> _What needs to be done_: The task calls for the lines below from the line with "And if you ever" to the line with "Uma caneca com", both ends included, copied exactly, without any pictures.

> _Data records_:
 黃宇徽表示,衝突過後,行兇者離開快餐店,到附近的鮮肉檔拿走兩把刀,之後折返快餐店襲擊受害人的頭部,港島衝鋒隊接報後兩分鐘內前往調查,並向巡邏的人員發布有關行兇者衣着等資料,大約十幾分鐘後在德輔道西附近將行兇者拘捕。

...

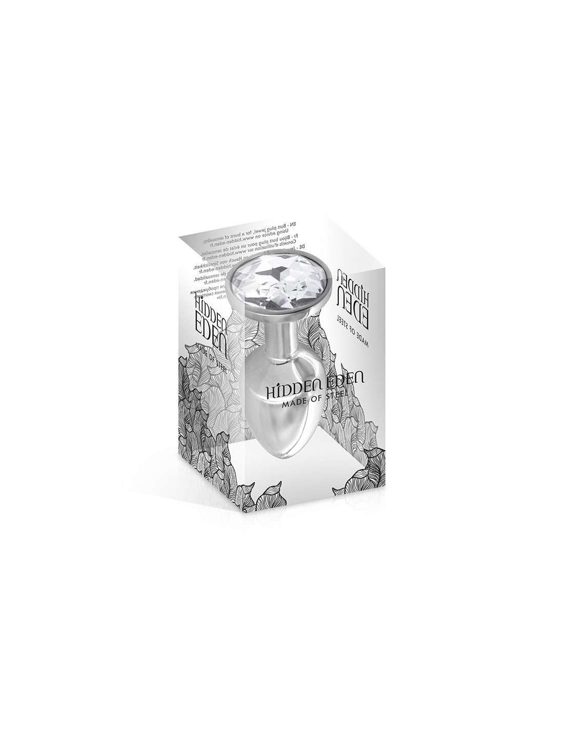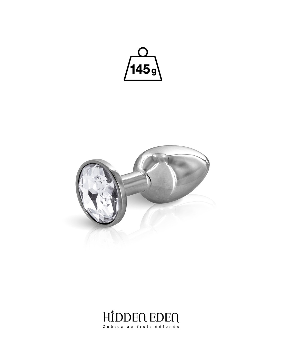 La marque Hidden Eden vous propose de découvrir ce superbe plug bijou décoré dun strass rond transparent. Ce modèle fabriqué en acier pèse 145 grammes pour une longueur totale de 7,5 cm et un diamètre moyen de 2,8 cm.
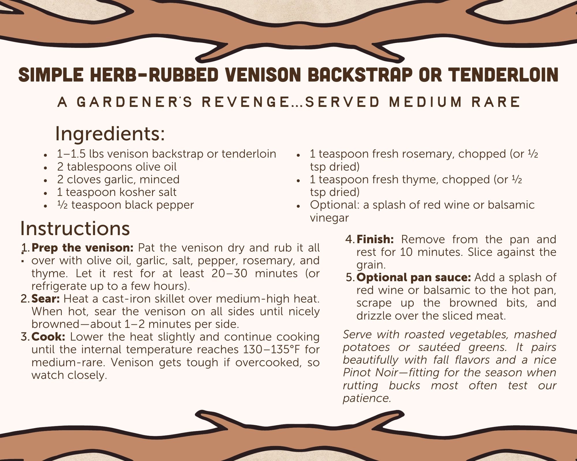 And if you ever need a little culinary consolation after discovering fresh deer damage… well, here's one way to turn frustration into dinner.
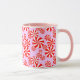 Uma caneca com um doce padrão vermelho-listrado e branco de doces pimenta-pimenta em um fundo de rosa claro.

> _Written response_:
 And if you ever need a little culinary consolation after discovering fresh deer damage… well, here's one way to turn frustration into dinner.
 Uma caneca com um doce padrão vermelho-listrado e branco de doces pimenta-pimenta em um fundo de rosa claro.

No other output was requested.